== Data to use
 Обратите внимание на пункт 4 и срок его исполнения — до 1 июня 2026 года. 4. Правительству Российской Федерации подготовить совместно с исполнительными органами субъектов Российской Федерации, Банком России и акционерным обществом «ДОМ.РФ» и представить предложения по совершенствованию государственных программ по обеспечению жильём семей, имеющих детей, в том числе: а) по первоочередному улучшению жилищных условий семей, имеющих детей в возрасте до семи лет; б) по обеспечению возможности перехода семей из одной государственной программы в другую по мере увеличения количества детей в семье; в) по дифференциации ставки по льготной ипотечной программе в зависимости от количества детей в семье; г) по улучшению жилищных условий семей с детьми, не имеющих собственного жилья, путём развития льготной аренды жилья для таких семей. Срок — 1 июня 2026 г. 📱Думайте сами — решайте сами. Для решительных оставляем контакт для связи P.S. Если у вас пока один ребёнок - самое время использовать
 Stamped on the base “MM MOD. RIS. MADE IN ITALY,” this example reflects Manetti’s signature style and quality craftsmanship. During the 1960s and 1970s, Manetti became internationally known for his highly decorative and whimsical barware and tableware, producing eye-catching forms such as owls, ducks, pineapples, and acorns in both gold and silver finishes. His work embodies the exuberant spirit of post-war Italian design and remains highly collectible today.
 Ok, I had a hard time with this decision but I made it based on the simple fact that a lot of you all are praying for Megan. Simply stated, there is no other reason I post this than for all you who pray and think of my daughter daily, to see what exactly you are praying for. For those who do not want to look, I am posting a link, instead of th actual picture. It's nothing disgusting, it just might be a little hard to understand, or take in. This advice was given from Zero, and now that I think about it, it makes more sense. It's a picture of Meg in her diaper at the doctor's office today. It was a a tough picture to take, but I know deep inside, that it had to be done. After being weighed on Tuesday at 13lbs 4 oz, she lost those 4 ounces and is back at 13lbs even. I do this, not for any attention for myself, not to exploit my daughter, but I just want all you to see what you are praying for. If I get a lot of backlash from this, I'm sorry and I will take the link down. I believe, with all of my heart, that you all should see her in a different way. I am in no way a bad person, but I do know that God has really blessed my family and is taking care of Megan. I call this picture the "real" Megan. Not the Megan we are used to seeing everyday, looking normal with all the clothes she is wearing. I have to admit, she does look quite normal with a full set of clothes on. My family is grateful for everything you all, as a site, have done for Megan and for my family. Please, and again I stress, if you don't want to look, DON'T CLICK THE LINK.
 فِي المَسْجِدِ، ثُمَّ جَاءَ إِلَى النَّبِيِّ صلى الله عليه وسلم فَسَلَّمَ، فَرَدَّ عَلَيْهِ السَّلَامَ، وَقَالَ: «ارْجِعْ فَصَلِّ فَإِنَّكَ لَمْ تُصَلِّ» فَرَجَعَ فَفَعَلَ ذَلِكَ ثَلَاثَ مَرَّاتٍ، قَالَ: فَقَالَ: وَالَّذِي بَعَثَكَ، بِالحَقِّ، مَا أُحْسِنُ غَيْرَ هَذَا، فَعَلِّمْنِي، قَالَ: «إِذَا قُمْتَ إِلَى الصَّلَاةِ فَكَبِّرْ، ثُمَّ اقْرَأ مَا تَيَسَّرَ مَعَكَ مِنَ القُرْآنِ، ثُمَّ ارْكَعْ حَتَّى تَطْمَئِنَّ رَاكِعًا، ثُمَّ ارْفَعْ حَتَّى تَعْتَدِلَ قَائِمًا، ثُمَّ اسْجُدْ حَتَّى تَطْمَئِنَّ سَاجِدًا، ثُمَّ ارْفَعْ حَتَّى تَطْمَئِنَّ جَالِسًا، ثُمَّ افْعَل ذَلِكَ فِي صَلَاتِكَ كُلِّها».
====
== Data to use
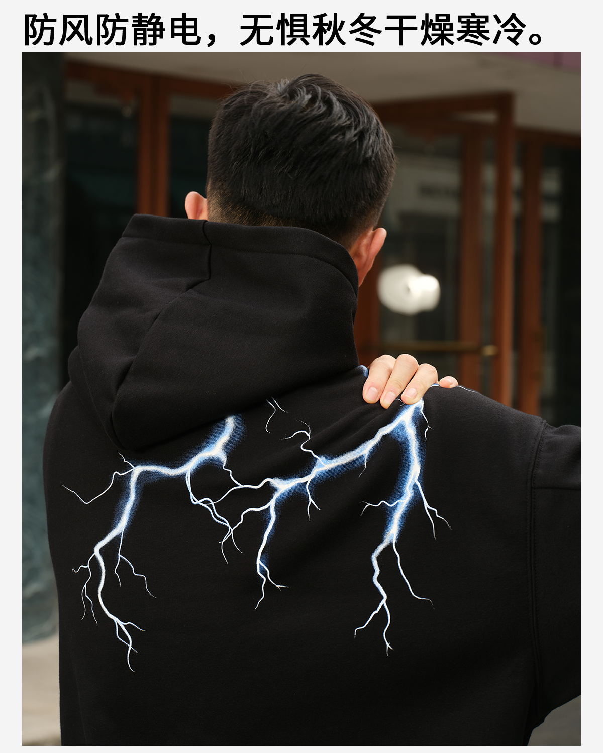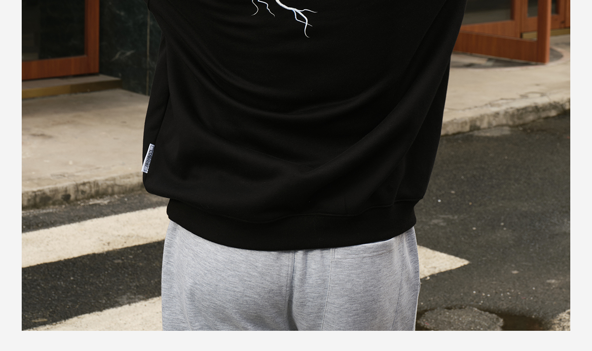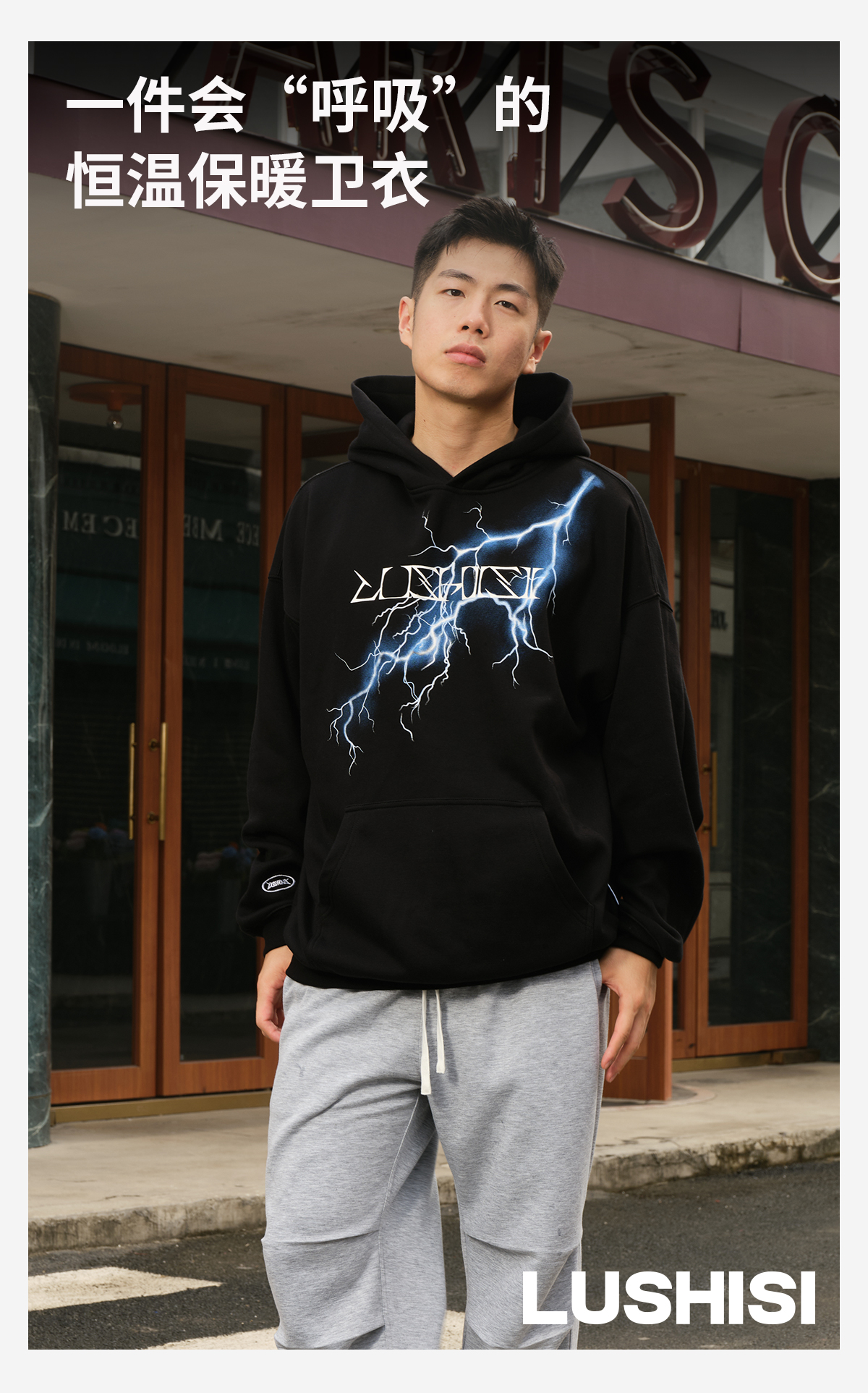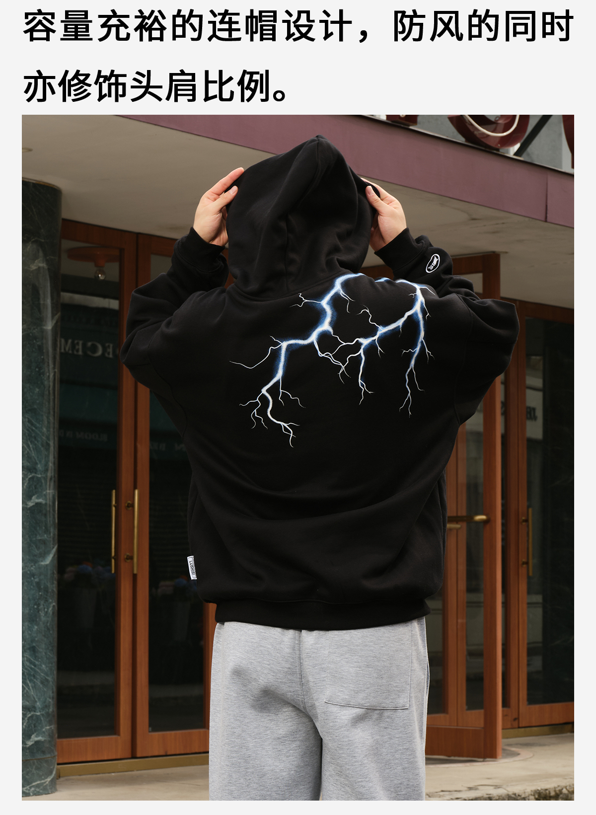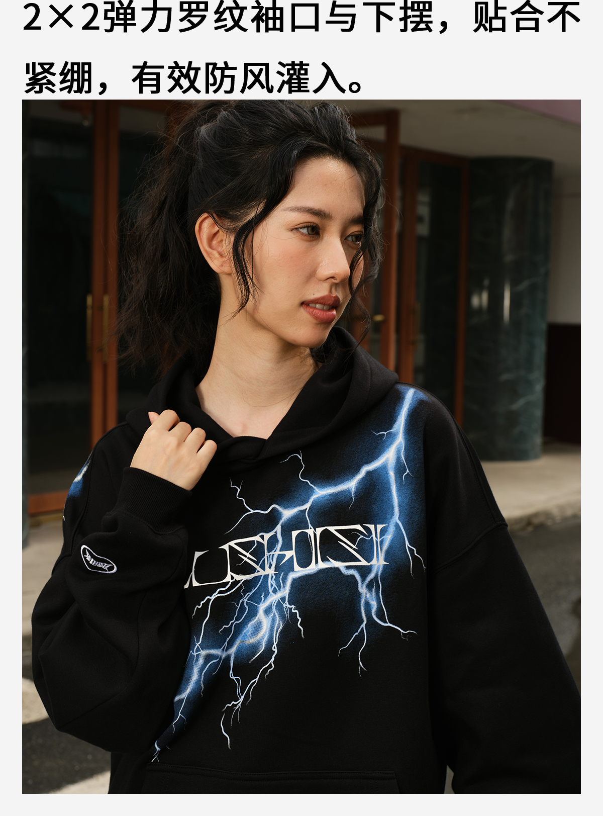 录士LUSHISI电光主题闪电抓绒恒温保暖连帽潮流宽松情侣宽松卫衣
====
◆ What is expected ◆
Copy the lines of the data above exactly as written, beginning with the line containing "Stamped on the" and ending with the line containing "Ok, I had a", and leave out all other lines.

◆ Exercise output ◆
 Stamped on the base “MM MOD. RIS. MADE IN ITALY,” this example reflects Manetti’s signature style and quality craftsmanship. During the 1960s and 1970s, Manetti became internationally known for his highly decorative and whimsical barware and tableware, producing eye-catching forms such as owls, ducks, pineapples, and acorns in both gold and silver finishes. His work embodies the exuberant spirit of post-war Italian design and remains highly collectible today.
 Ok, I had a hard time with this decision but I made it based on the simple fact that a lot of you all are praying for Megan. Simply stated, there is no other reason I post this than for all you who pray and think of my daughter daily, to see what exactly you are praying for. For those who do not want to look, I am posting a link, instead of th actual picture. It's nothing disgusting, it just might be a little hard to understand, or take in. This advice was given from Zero, and now that I think about it, it makes more sense. It's a picture of Meg in her diaper at the doctor's office today. It was a a tough picture to take, but I know deep inside, that it had to be done. After being weighed on Tuesday at 13lbs 4 oz, she lost those 4 ounces and is back at 13lbs even. I do this, not for any attention for myself, not to exploit my daughter, but I just want all you to see what you are praying for. If I get a lot of backlash from this, I'm sorry and I will take the link down. I believe, with all of my heart, that you all should see her in a different way. I am in no way a bad person, but I do know that God has really blessed my family and is taking care of Megan. I call this picture the "real" Megan. Not the Megan we are used to seeing everyday, looking normal with all the clothes she is wearing. I have to admit, she does look quite normal with a full set of clothes on. My family is grateful for everything you all, as a site, have done for Megan and for my family. Please, and again I stress, if you don't want to look, DON'T CLICK THE LINK.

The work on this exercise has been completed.